Discovery: Involve devs and business experts
Formulation: Write Given-When-Then examples
Automation: Convert to executable tests (Gherkin/Cucumber)
Feature: Order Management
Scenario: Cannot buy without stock
Given product with 0 stock
When customer attempts purchase
Then system refuses with error message
ATDD (Acceptance Test-Driven Development) — Acceptance criteria defined BEFORE coding, collaboratively (“Three Amigos”: Business, Dev, Test).
In agentic development, ATDD is particularly effective because agents need unambiguous success conditions. The flow maps cleanly to agent tasks:
Define acceptance criteria in Gherkin (human-readable, machine-executable)

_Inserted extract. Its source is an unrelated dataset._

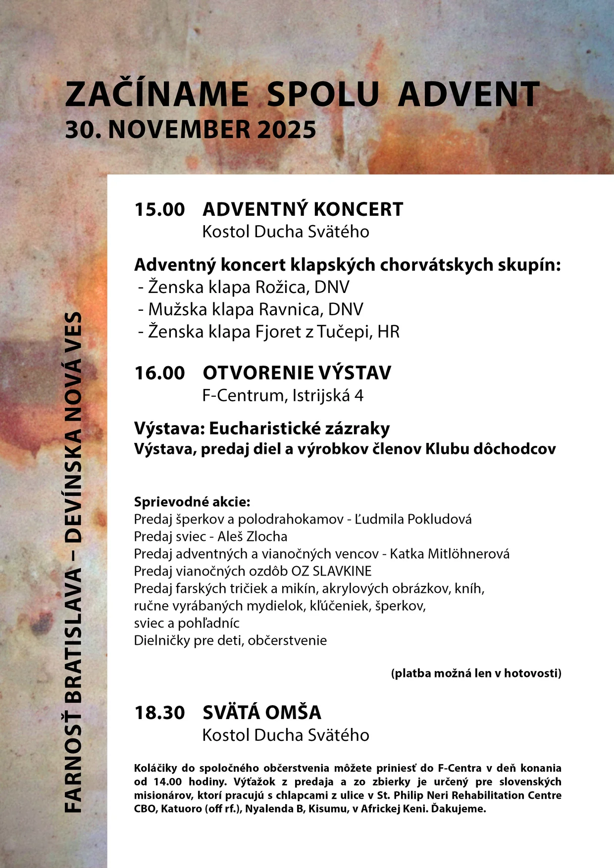 Začneme o 1500 hodine koncertom v kostole. O 1600 bude program pokračovať v priestoroch F-centra, otvorením umeleckej výstavy, môžete sa tešiť na tradičné dielničky pre deti, predaj kníh, šperkov, adventných vencov, sviečok.

Agent writes failing tests based on scenarios (not implementation)
Agent implements until tests pass
Feature: Password Reset
Scenario: User resets via email
Given a registered user with email "user@example.com"
When they request a password reset
Then they receive a reset email within 60 seconds
And the reset link expires after 24 hours
This Gherkin scenario is the contract between intent and implementation. The agent cannot misinterpret scope because done is defined before a line of code is written.
Applied to agents: Pass the Gherkin file to Claude Code before implementing. “Write failing tests for this feature file, then implement until they pass.” The scenario writer role (human or agent) forces explicit scope before execution starts.
CDD (Contract-Driven Development) — API contracts (OpenAPI specs) as executable interface between teams. Patterns: Contract as Test, Contract as Stub.
Prompt Engineering — Foundations for ALL Claude usage:
Zero-Shot Chain of Thought: “Think step by step”
Few-Shot Learning: 2-3 examples of expected pattern
Structured Prompts: XML tags for organization
Position Matters: For long docs, place question at end
Fresh Context Pattern (Ralph Loop) — Solves context rot by spawning fresh agent instances per task. State persists in git + progress files, not chat history. Ideal for long autonomous sessions (migrations, overnight runs). See Ultimate Guide - Fresh Context Pattern for implementation.